Attention to aesthetics, argues Virginia Postrel in The Atlantic, is an increasing trend in health care that may improve patient outcomes:

Such “evidence-based design,” which draws its principles from controlled studies, is the great hope of professionals who want to upgrade the look and feel of medical centers. Much of this research follows a seminal 1984 Science article by Roger S. Ulrich, now at the Center for Health Systems and Design at Texas A&M. He looked at patients recovering from gallbladder surgery in a hospital that had some rooms overlooking a grove of trees and identical rooms facing a brick wall. The patients were matched to control for characteristics, such as age or obesity, that might influence their recovery. The results were striking.
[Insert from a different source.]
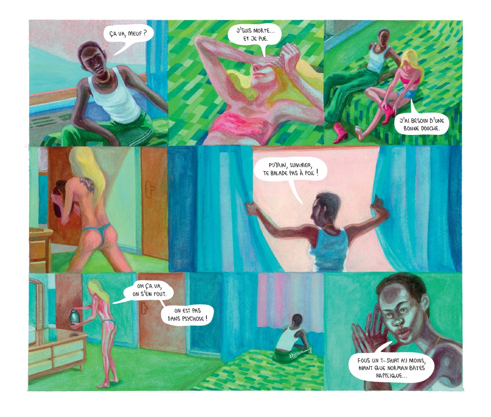 En 2015, Becki et Summer sont deux jeunes femmes qui roulent à bord d’une vielle Ford. Ce road-movie quête paraît, dans un premier temps, sans but. Il va finalement s’éclairer au fil des pages et au fil des kilomètres. Les deux amies roulent vers le Sud en fuyant la ville dévastée ancienne ville de l’automobile : Détroit. Toutes deux remontent le fil de leurs histoires, de leurs racines. Summer essaie de découvrir l’histoire de sa mère Gloria ancienne gloire du cinéma hollywoodien. Elles se confient sur leurs drames familiaux respectifs et Becki noircit des planches au kilomètre. Un roman graphique éblouissant aux styles graphiques variés et une histoire envoutante. Sublime et cinématographique. |

Patients with a view of the trees had shorter hospital stays (7.96 days versus 8.70 days) and required significantly less high-powered, expensive pain medication.
And a bit more on the problem with the way most hospitals look and feel, even many of the fancy remodeled ones (who build glowing atriums, but leave the rooms where care happens shoddy):

If you work somewhere every day, after a while you don’t notice eight-year-old snapshots and peacock feathers too tall for the space. The ad hoc, staff-oriented decorating that fills an aesthetic vacuum can be worse than bare walls. Lee Mequet, a Southern California real-estate agent, recalls a chemotherapy visit with her husband, who was so ravaged by lung cancer that his skull and bones showed under his skin. The treatment room, she says, was “decorated for Halloween, with pumpkins and paper skeletons, and the tragicomic horribleness of the images made me want to rip the fucking things from the wall.”

I have my problems with the article, but it's worth reading. I cannot endorse enough the idea of reorienting hospitals toward individual rooms, especially those for serious illnesses. I don't understand the ramifications in terms of cost and care, but I know there are huge upsides in this for patients. Curtains don't always cut it.